Methodological Considerations for Advancing Research on the Health and Wellbeing of Sexual and Gender Minority Youth

Sheree M. Schrager*, Riley J. Steiner, Alida M. Bouris, Kathryn MacApagal, C. Hendricks Brown

*Corresponding author for this work

Research output: Contribution to journalArticlepeer-review

31 Scopus citations


Continued research with sexual and gender minority (SGM) youth is essential both to understand health disparities and to develop interventions targeting those disparities, but conducting rigorous, ethical research with these populations remains a substantial challenge. In addition to considerations for research with adolescents in general, such as utilizing developmentally appropriate measures and obtaining parental permission, factors unique to SGM youth must be addressed at every step of the research process.

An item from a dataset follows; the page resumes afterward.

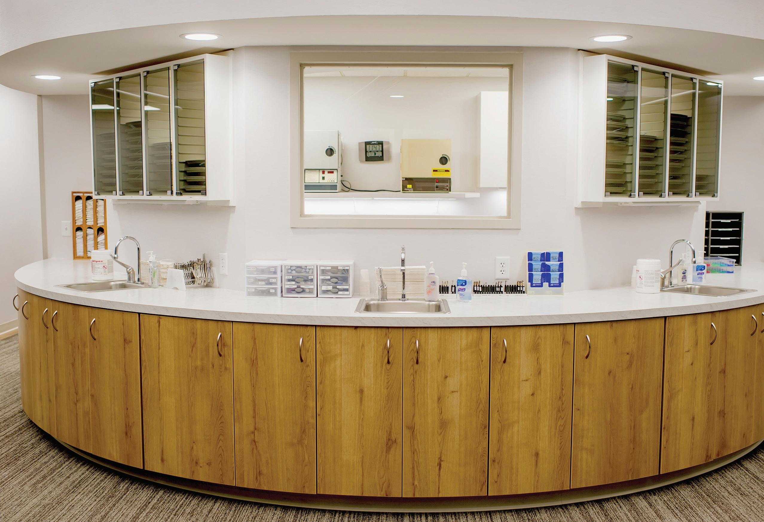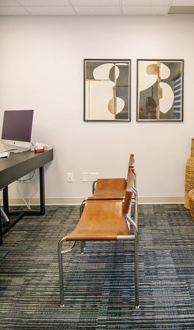 The renovation was completed in June of 2022 and Dr. Nuveen couldn’t be more satisfied with the results. His new space is stunningly modern, and features impressive art pieces and exquiste furniture from local creators. A beautiful fireplace is located at the center of the waiting room to provide additional warmth to patients who visit Dr. Nuveen in the cold and winter months. Complimentary water and coffee are available to patients as well as an inviting tiled toothbrush station. “We have chairs located in the treatment area for patients’ parents, but many parents have stopped coming back with them,” said Dr. Nuveen. “Now we see more people bringing in books and laptops; some even take naps,” he added with a chuckle. “It’s great to see that we’ve created a space where people can relax.”

Defining the study population is complex, as is recruiting a sample once it is defined. Measurement is another challenge, given the paucity of measures developed for or validated with SGM samples. Key constructs, such as sexual orientation, gender identity, and family acceptance, are not amenable to randomization and involving minor participants' parents poses ethical concerns given the precarious home and safety situations that can arise from employing typical study procedures with youth who have a stigmatized identity. In this article, we examine some of these unique methodological challenges. Informed by theoretical and empirical literature, practical experience, and an ongoing dialogue with SGM youth themselves, we present a guide to best practices for ethical, productive research with SGM youth. By discussing existing approaches to studying SGM youth and suggesting innovative ways to approach the questions that remain, we hope to assist the research community in addressing methodological gaps to advance research on SGM youth in relation to families and schools.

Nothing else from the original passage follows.